*THE PROBLEM:* Of the records that follow, copy only the lines from the line containing "I climbed into" to the line containing "At press time, BTC traded at $69,739.", both included, exactly as written.

[Extracted records]
——————

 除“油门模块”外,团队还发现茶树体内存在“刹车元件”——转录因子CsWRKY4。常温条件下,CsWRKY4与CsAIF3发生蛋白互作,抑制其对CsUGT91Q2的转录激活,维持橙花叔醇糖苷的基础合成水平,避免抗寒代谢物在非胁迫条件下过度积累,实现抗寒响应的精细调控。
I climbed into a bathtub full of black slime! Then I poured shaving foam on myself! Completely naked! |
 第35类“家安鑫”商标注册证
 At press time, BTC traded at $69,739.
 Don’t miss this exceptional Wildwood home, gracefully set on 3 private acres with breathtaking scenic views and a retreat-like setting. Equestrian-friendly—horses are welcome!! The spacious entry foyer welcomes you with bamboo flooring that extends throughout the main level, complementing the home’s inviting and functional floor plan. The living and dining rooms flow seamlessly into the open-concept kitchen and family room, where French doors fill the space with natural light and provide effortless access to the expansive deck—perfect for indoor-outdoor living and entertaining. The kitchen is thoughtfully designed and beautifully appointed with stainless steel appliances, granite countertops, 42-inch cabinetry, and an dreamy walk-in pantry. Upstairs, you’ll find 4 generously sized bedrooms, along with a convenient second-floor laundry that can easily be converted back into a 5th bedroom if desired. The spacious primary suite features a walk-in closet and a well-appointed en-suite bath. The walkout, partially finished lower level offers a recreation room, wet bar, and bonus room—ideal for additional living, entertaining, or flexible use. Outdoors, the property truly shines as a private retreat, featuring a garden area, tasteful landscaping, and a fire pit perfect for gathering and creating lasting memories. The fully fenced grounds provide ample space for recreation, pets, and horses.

——————

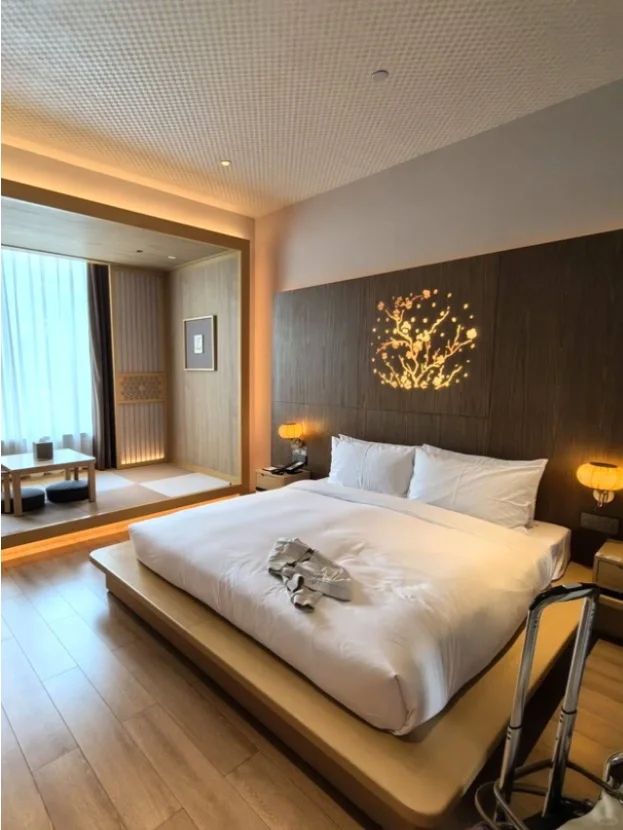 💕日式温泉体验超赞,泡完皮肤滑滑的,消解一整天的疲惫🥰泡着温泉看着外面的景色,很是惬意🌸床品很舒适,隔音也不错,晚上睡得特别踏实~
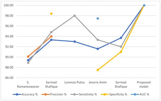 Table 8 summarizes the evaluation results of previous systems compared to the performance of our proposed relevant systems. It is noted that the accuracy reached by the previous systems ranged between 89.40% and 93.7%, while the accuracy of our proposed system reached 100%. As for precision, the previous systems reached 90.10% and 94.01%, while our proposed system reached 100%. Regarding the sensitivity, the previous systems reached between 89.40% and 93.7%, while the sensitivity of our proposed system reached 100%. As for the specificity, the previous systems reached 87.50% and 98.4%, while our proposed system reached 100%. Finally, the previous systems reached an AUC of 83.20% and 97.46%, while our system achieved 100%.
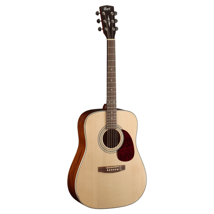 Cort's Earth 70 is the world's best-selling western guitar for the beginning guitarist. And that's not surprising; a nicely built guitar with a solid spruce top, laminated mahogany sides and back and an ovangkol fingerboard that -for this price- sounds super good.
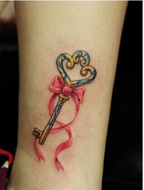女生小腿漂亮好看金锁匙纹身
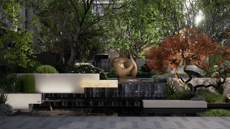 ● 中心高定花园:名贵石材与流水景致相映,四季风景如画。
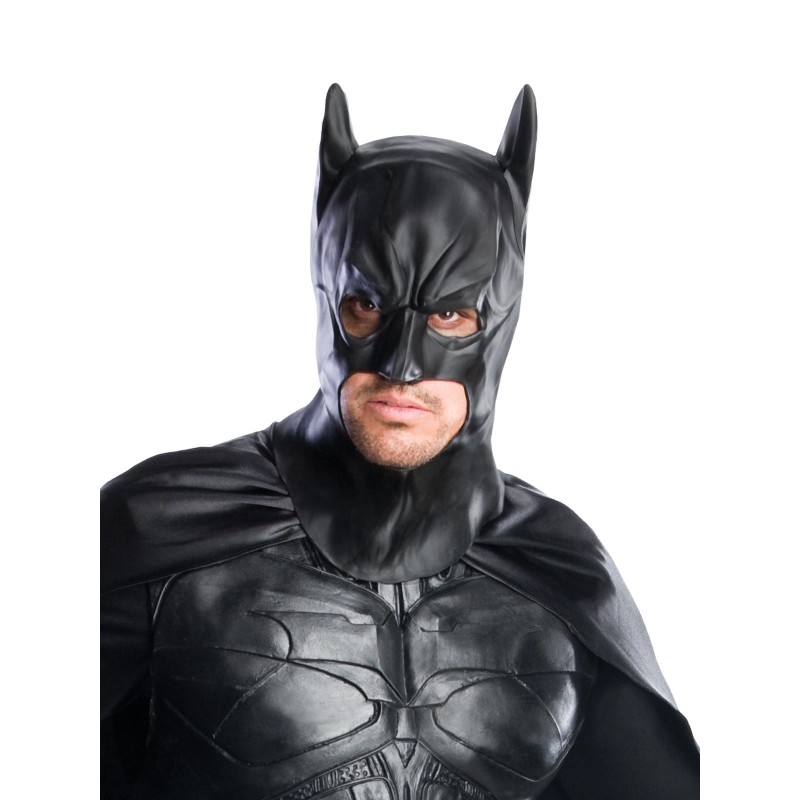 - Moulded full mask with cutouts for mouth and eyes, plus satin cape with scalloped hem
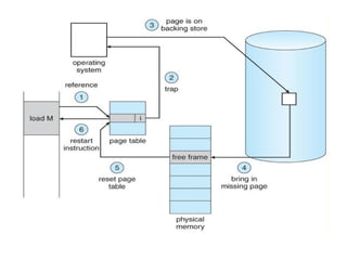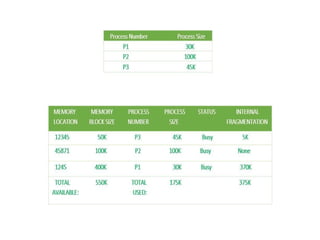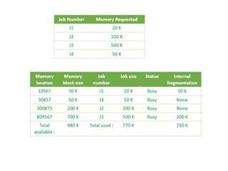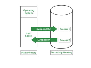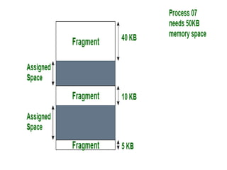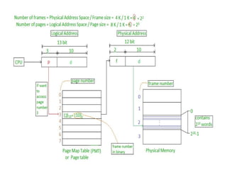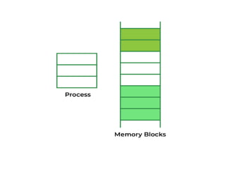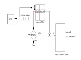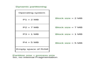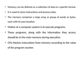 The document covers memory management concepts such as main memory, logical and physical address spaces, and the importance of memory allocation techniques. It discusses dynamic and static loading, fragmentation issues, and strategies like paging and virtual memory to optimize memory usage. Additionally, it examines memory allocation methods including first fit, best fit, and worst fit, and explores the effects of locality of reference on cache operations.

——————

*WRITTEN REPLY:*
I climbed into a bathtub full of black slime! Then I poured shaving foam on myself! Completely naked! |
 第35类“家安鑫”商标注册证
 At press time, BTC traded at $69,739.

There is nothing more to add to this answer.